In the wake of the 1948 Arab–Israeli War, and after the 1949 Armistice Agreements, Jabel Tawil came under Jordanian rule. It was annexed by Jordan in 1950.

Before 1967, Jabel Tawil was known to locals as "Kuwaiti hill" because of numerous visitors from the Persian Gulf who hiked in the area. In 1964, some of the land was purchased by the Jerusalem municipality for a future tourist resort. In the Six-Day War, it came under Israeli occupation. From September 1976, Arabs were prohibited from building in the area.

According to ARIJ, Israel confiscated 780 dunams of land from the nearby Palestinian town of Al-Bireh in order to construct Psagot.
There is also an archaeological site near some of the Caravillas on the hill of Psagot.

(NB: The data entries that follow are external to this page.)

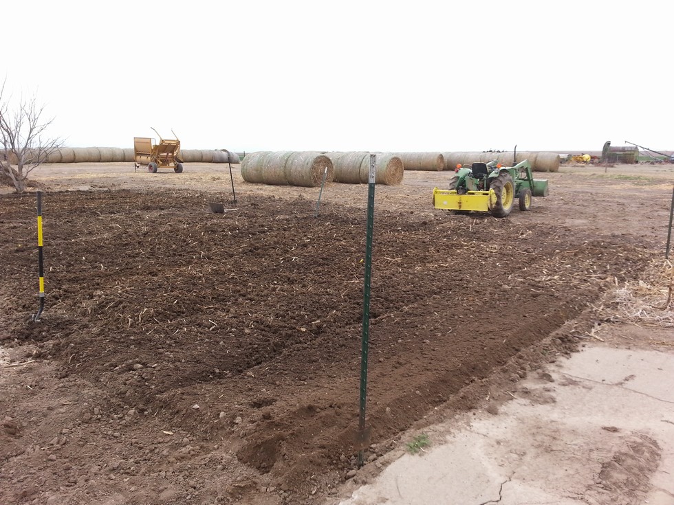 The patch is measured and marked at this point, 20 pounds of elemental sulfur and 2 pounds of urea have been added to each plant space (25'x25'). This should decrease the pH and add a little N to help break down all the corn residue from last year. At the end of the day everything was tilled in.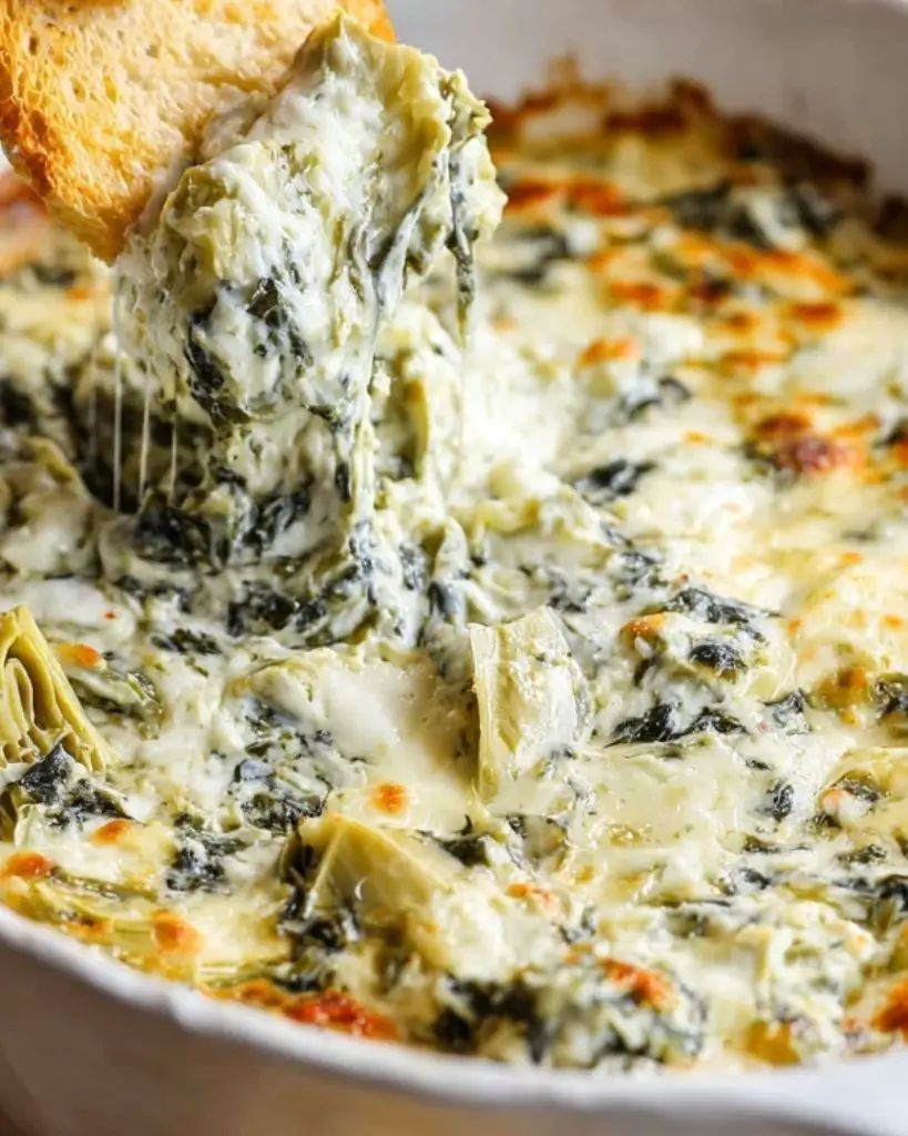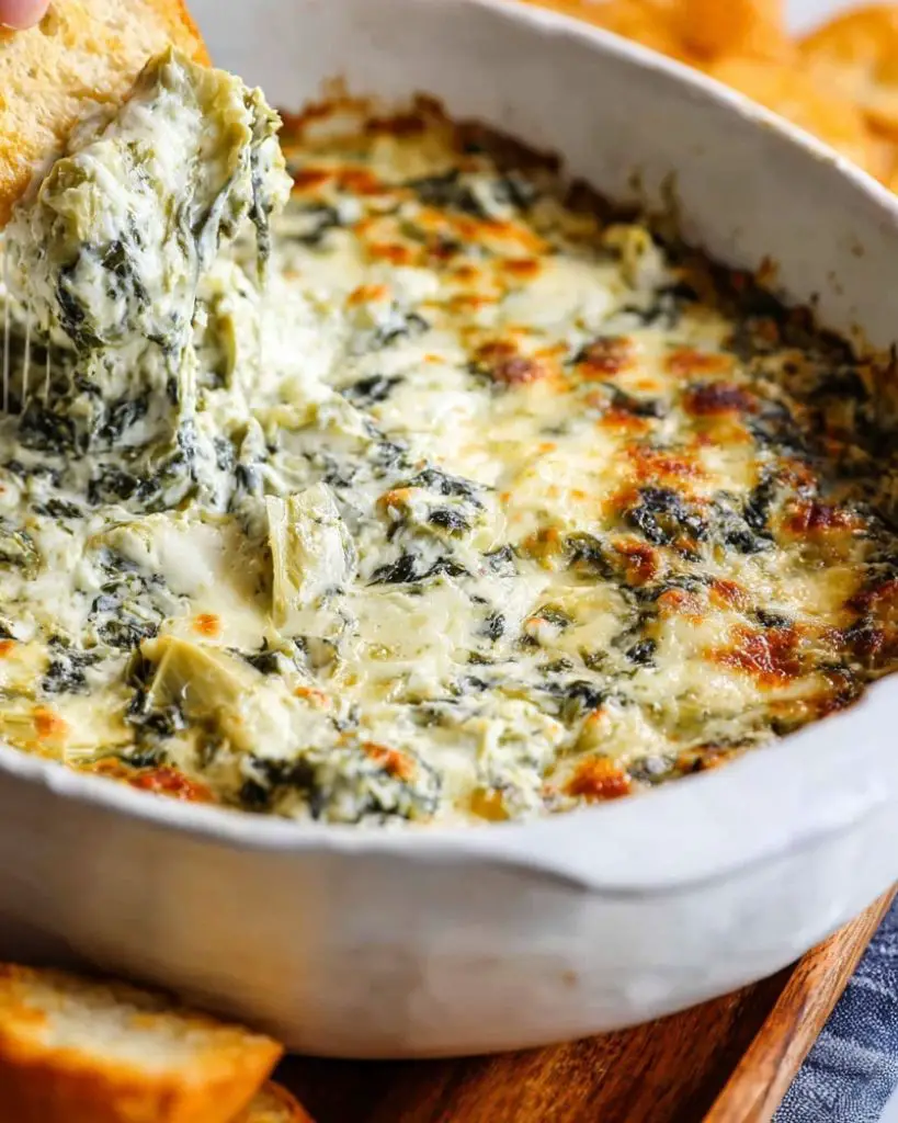 This spinach artichoke dip is a creamy, cheesy appetizer made with cream cheese, parmesan, spinach, and tender artichoke hearts. Baked until hot and bubbly, it’s the perfect party dip to serve with bread, crackers, or fresh vegetables. Quick to prepare and always a crowd favorite, this easy recipe is ideal for game day, potlucks, or family gatherings.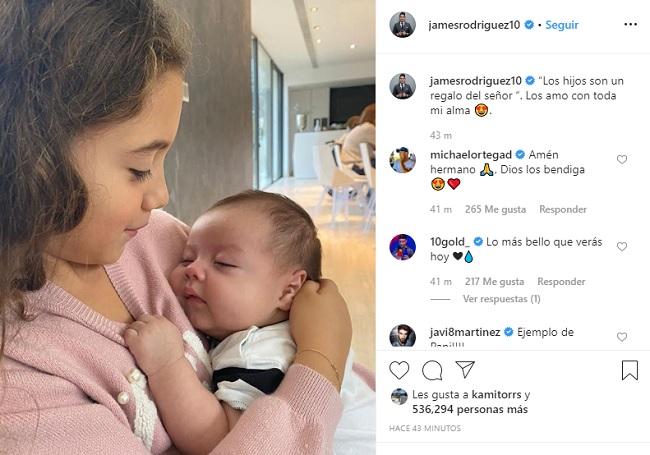 Por:James Rodríguez derritió de ternura a sus más de 40 millones de seguidores en Instagram, al publicar una imagen de sus dos hijos Salomé y Samuel. Lo curioso de la fotografía es que por primera vez podemos ver el rostro del pequeño, quien nació el pasado mes de octubre a través de un vientre de alquiler.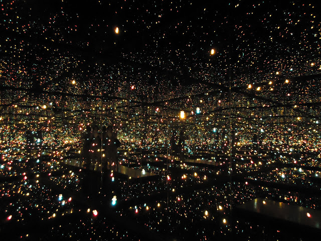 Ses motifs répétés, ses miroirs, ses lumières, démultiplient l'espace, et donnent une sensation d'infini extrêmement perturbante pour le spectateur. Celui ci est en effet engloutit dans l'œuvre, et perd totalement conscience de l'espace, comme Kusama durant ses délires.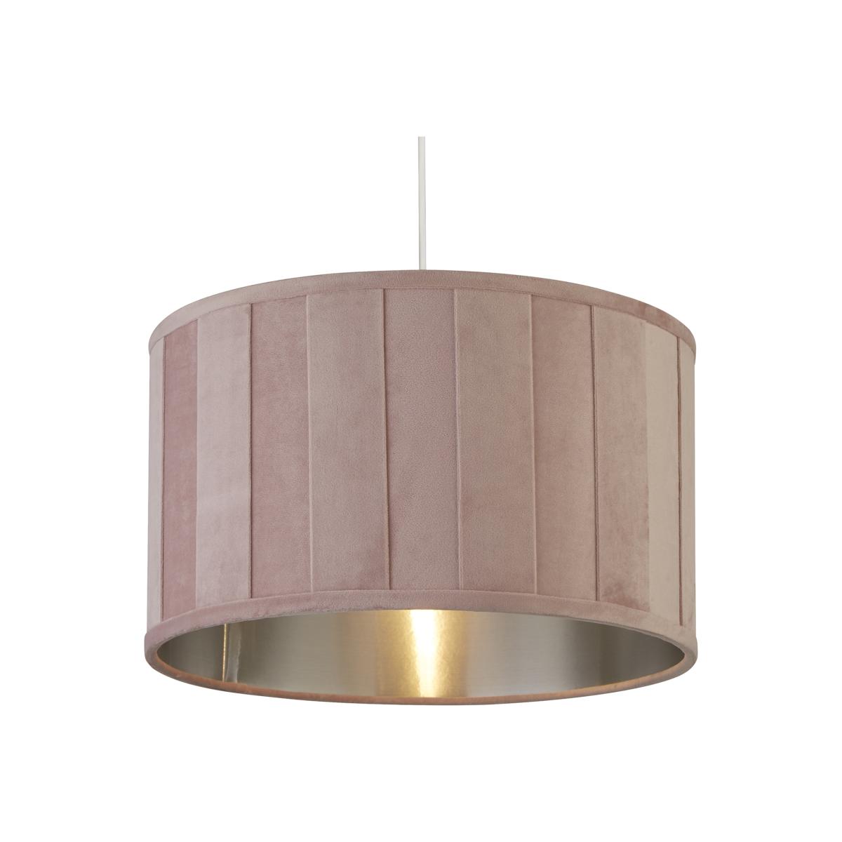 Ideal for any room in your home, this beautiful pink velvet shade with contrast metallic inner will add elegance to any ceiling light or lamp base.

In 1981, Ariel Sharon, then Israeli Minister of Defense, told Pinchas Wallerstein, head of the Mateh Binyamin Regional Council, that he would support initiatives to settle the area. In July 1981, Wallerstein moved the council headquarters to the hill, then occupied by a military intelligence base. Five families from the Jerusalem neighborhood of Beit VeGan took up residence there. A year later, they were joined by a group from the Kerem B'Yavneh yeshiva who came to create a kollel.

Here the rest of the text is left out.